The requirements of "three excesses" of network system in AIGC large model training
In the process of large model training, there are three kinds of traffic models, which are tensor parallelism, pipelining parallelism and data parallelism. The well-known ChatGPT3 uses 128A100 servers with a total of 1024 A100 cards for training, so a single server node needs four 100G network channels, while other large models such as ChatGPT4 and ChatGPT5 will have a higher demand for the network. Tide Network believes that the requirements of large model training for the network can be summarized by the "three super" network, that is, super-large scale, ultra-high bandwidth, super-strong and reliable, in order to ensure the stable and reliable operation of the network, and provide strong support for large model training.

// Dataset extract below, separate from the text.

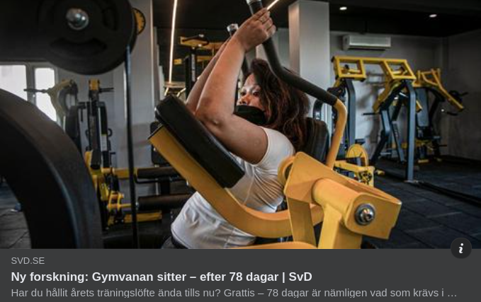 https://www.svd.se/a/Kndv4e/traningsforskning-fem-knep-for-att-skapa-en-bra-vana "Har du hållit årets träningslöfte ända tills nu? Grattis – 78 dagar är nämligen vad som krävs i snitt för att skapa en vana, enligt en ny studie. Och när vanan sitter är chansen god att vi fortsätter. Logiken tycks enkel. När vi får ny information och ny kunskap, då borde även vårt beteende förändras i linje med det. Vi slutar med det vi insett är dåligt för oss, och börjar göra det som är bra. Men vi agerar sällan logiskt. Som nybakad psykologiforskare slogs istället Wendy Wood av hur folk fortsatte att upprepa sina gamla beteenden – trots att de gick rakt emot deras nya insikter. – Bara för att människor blev övertygade om vad som var bra för dem så betydde inte det att deras handlingar förändrades, säger Wendy Wood, i dag professor i psykologi vid University of California och författare till boken ”Good Habits, bad habits”. Vanor sparar tid och kraft Istället fortsatte folk att äta skräpmat, struntade i att ha koll på pensionen, köpte gymkort utan att gå dit. Wendy Wood Wendy Wood Det var som att de saknade förmågan att styra sig själva. Och precis så verkar det vara. Men det är varken ineffektivt eller ologiskt, tvärt om så finns det en poäng med att göra som vi alltid har gjort. En vana är hjärnans sätt att spara tid och tankekraft. – En vana är en genväg i vårt beslutsfattande, den är vår bästa gissning för att nå ett lyckat resultat i en redan känd kontext, säger Wendy Wood. Autopilot 43 procent av dagen Hjärnan tar en mängd kognitiva genvägar för att spara energi. Vi dömer människor utifrån deras utseende, vi blir rädda för sånt som tidigare skadat oss – och vi gör en mängd aktiviteter utan att vi aktivt tänker på det: hur vi hälsar på någon, går över gatan eller äter en tårta. Sisådär 43 procent av vår vakna tid gör vi val helt på autopilot, sett till Woods studier. Hon kallar vanor ett inlärningssystem: vi återanvänder en aktivitet som tidigare, i samma kontext, har gett oss någon form av belöning – som att vi mådde bra, blev glada, eller bara att den funkade för det vi ville. Belöningen utlöser signalsubstansen dopamin – vilket gör att det minnet stärks. – Dopamin har flera uppgifter i hjärnan, och en är att hjälpa oss att skapa vaneminnen, att knyta ihop kontexten med det resultat du fick, säger Wendy Wood. När vi sedan är i en liknande situation igen, kommer vi automatiskt att bete oss på samma sätt, enligt Wood. Så förstärks vanan Redan på 1990-talet såg forskare vid MIT i USA i en rad experiment på möss att hjärnaktiviteten är lägre när vi gör något automatiskt. Forskarna placerade choklad på en specifik plats i en t-formad labyrint och släppte därefter in en mus. Samtidigt studerades musens hjärnaktivitet. Första gångerna som musen släpptes in, strosade den runt och upptäckte till slut chokladen. Efter några gånger gick musen direkt till den plats där chokladen fanns. Forskarna såg att hjärnaktiviteten minskade rejält när musen automatiskt gick direkt till chokladen. Samma sak verkar hända när vi människor gör något på automatik. Svårare skapa träningsvana Ju fler gånger vi gör något, desto mer tycks beteendet automatiseras. Kontexten behöver dessutom vara liknande varje gång, att aktiviteten är kopplad till något som påminner dig om att göra den. Det i sig är ett skäl till att det kan vara svårare att skapa en träningsvana, än att dricka ett glas vatten varje morgon. Men en träningsvana är vad forskare kallar ett komplext beteende, som är uppbyggt av flera olika aktiviteter: vi packar väskan, tar på oss ytterkläderna, går till bussen, åket till gymmet och så vidare. Hur lång tid tar det att etablera en träningsvana? 66 eller 78 dagar i snitt, beroende på studie. Hur lång tid tar det att etablera en träningsvana? 66 eller 78 dagar i snitt, beroende på studie. Foto: Johan Nilsson/TT Sådana är svårare att skapa en vana kring, men det handlar trots allt om flera rutinmässiga steg som också går att automatisera, enligt Wood. Och får du väl in det första steget, tycks det lättare att få med även de andra, menar hon. Rutin ökar chansen När vi väl börjat göra något på rutin, då är chansen också större att vi fortsätter. Men hur lång tid tar det att etablera en vana? Philippa Lally, psykologiforskare vid Surrey universitet, beslutade sig för att försöka få svar på den frågan. 96 deltagare fick välja en ät-, dryck- eller aktivitetsvana som de skulle skapa. Någon skulle äta en frukt varje dag, någon annan göra tio situps om dagen. De fick välja när aktiviteten skulle ske – i samband med något som påminde om att de skulle göra den. Då sitter vanan Under 12 veckor kämpade deltagarna på. Varje kväll svarade de på hur det gått och hur mycket de aktivt behövt tänka på att utföra aktiviteten eller om det skett i stort sett automatiskt. För varje deltagares svar gjordes Philippa Lally en graf. Den första tiden blev deltagarnas beteenden snabbt mer och mer automatiserade – sedan planade det ut. – Till en början ökade varje repetition automatiseringen rätt mycket, men sedan når man en peak. Och vid den peaken ansåg Lally att deltagarna hade skapat en vana. Repetitionerna därefter tycktes inte öka hur automatiskt aktiviteten utfördes. När vanan väl sitter, då sitter den, konstaterar hon. Men när deltagarna nådde sin peak skiljde sig åt. Rejält. Svårt att mäta aktivitet Lallys analys visade att det tog mellan 18 och 254 dagar innan en vana hade satt sig – och i snitt 66 dagar. Hon såg hon också att ju oftare en person utförde sin aktivitet, desto snabbare blev beteendet automatiserat. Lallys studie publicerades i European Journal of Social Psychology för närmare ett decennium sedan, men är fortfarande rätt unik i sitt slag och citeras of

In order to solve the challenge of the "three super" networks, we need to focus on how to build a networking scheme that meets the needs of large-scale training. From the perspective of networking architecture, the current AIGC networking generally adopts fat tree architecture, which has the characteristics of high bandwidth, low delay and good scalability. In terms of networking protocols, the current mainstream in the industry is based on IB and RoCE two lossless network technologies, both of which can well meet the requirements of large-scale training with high bandwidth and low delay. The latency of IB is low enough, while RoCE is superior in terms of openness, cost performance, and maintainability.

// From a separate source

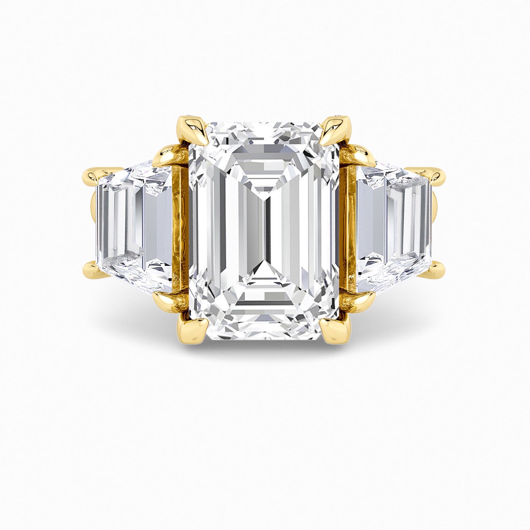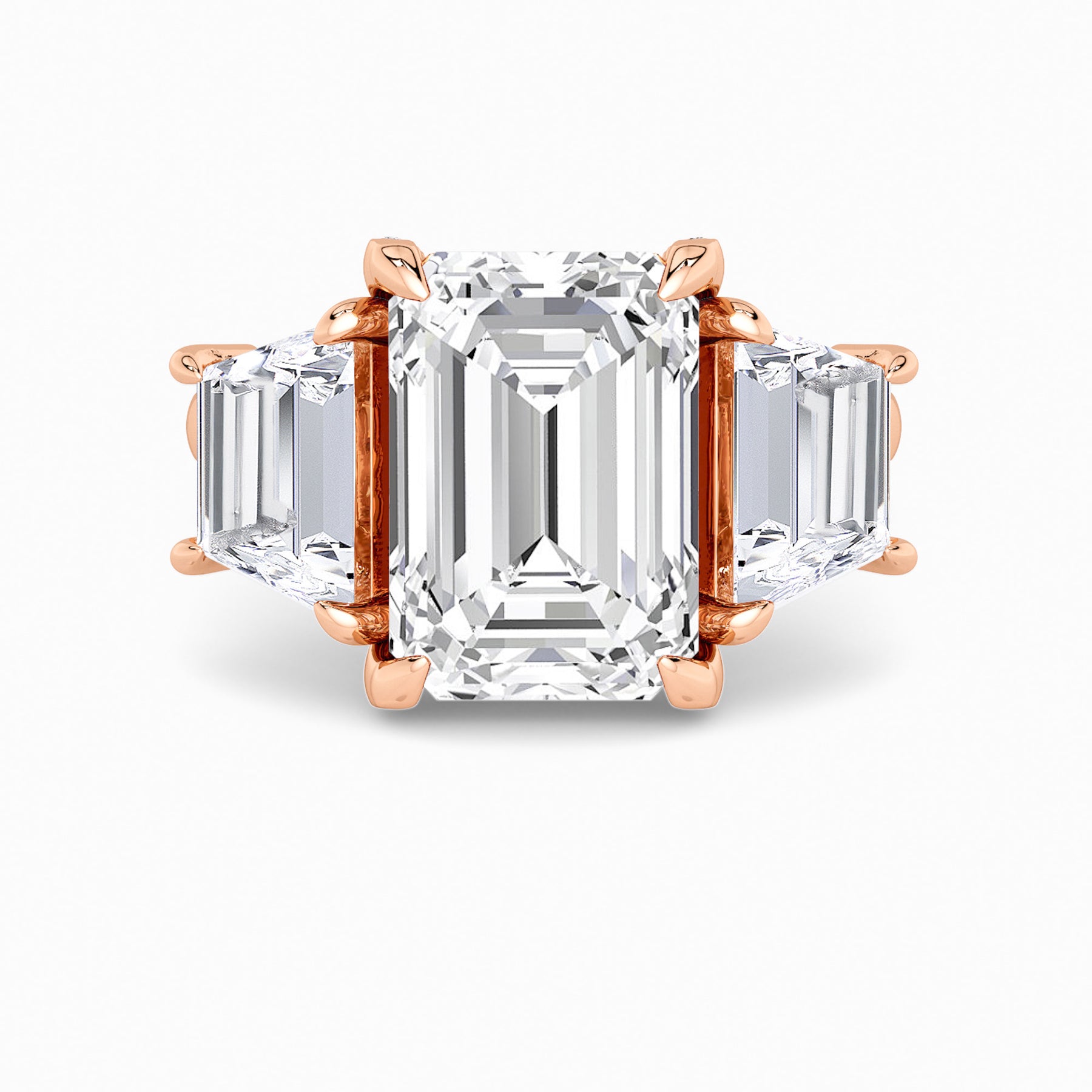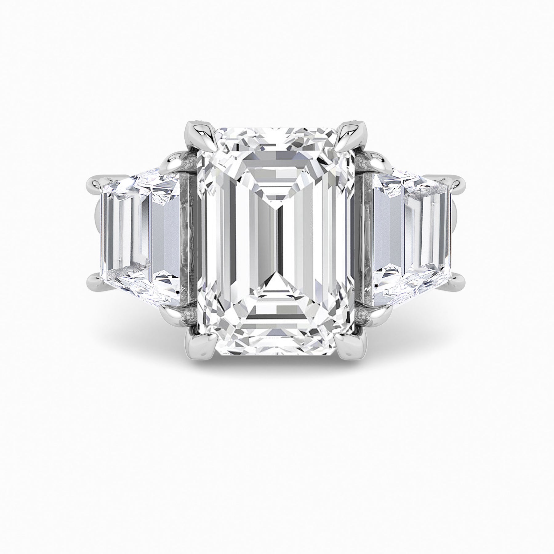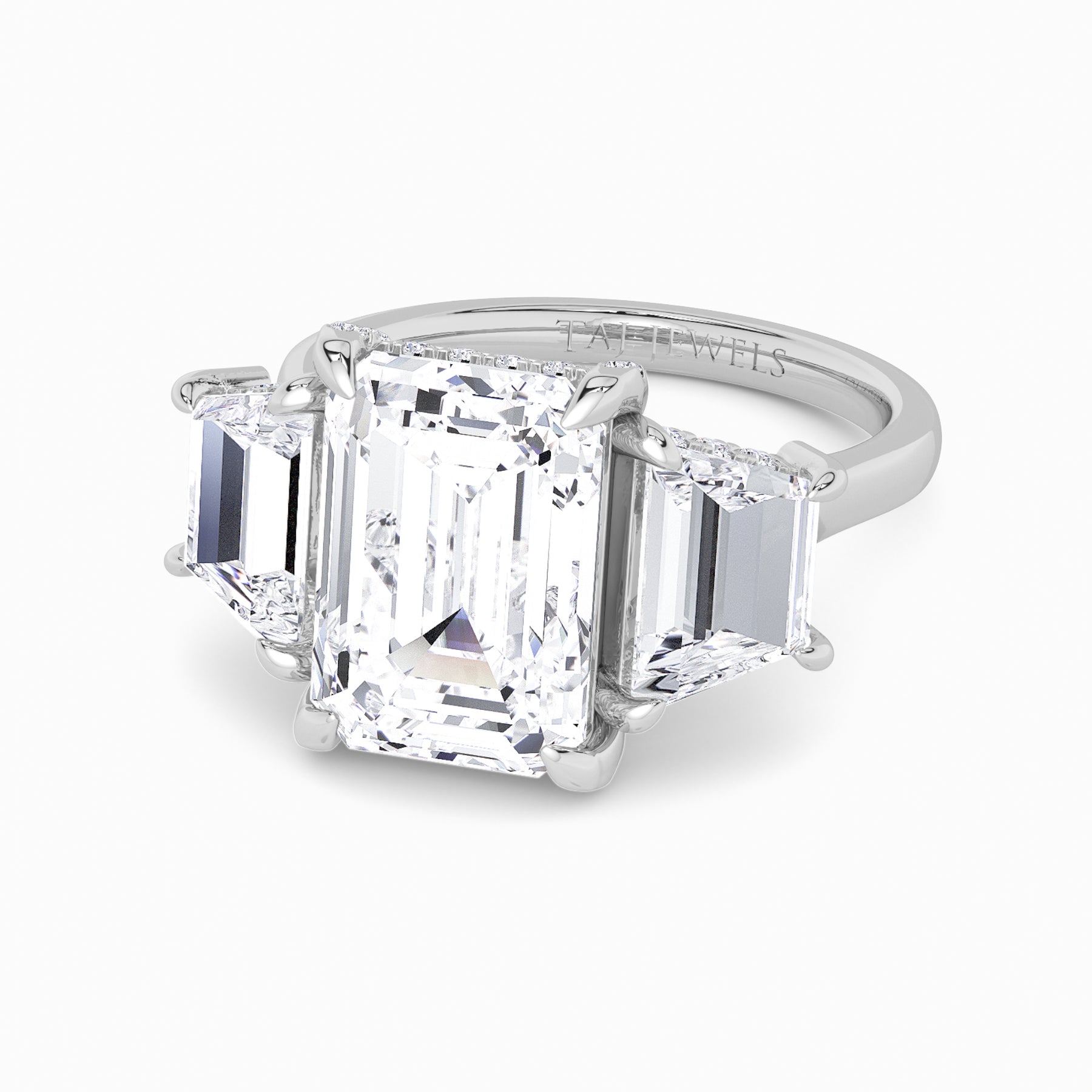 A striking expression of timeless sophistication, this 1.50ct+ Emerald cut lab diamond engagement ring is designed to captivate from every angle. The centre stone is elegantly framed by two trapezoid side diamonds, while the elevated setting showcases a beautifully detailed crossover gallery adorned with micro-pavé diamonds. Beneath the centre stone, a discreet diamond-set halo enhances depth, brilliance, and architectural interest without detracting from the centre diamond’s overall presence.

Trend and driver of Tide Network Convergence to build an Intelligent Lossless Network solution based on RoCE
Tide Network, as the leader of cloud-side collaborative intelligent network, pays close attention to the development and changes of the market, and launches an intelligent lossless network solution based on RoCE, which helps to build the "three super" network of AIGC. It has the following advantages:
One is the integration of multi-protocols and multi-scenarios. In large-scale clusters, there are many scenarios, such as general computing cluster, AI / HPC cluster, storage and so on. The traditional scheme is to deploy multiple networks and protocols, such as Ethernet, IB, FC, etc., which are incompatible with each other, which greatly increases the difficulty of management and maintenance. The intelligent lossless network solution based on RoCE can adapt to general computing, AI / HPC, storage and other scenarios, and achieve Ethernet / IB / FC triple play. In this way, from maintaining multiple networks to maintaining one network, the overall construction and maintenance costs are greatly reduced.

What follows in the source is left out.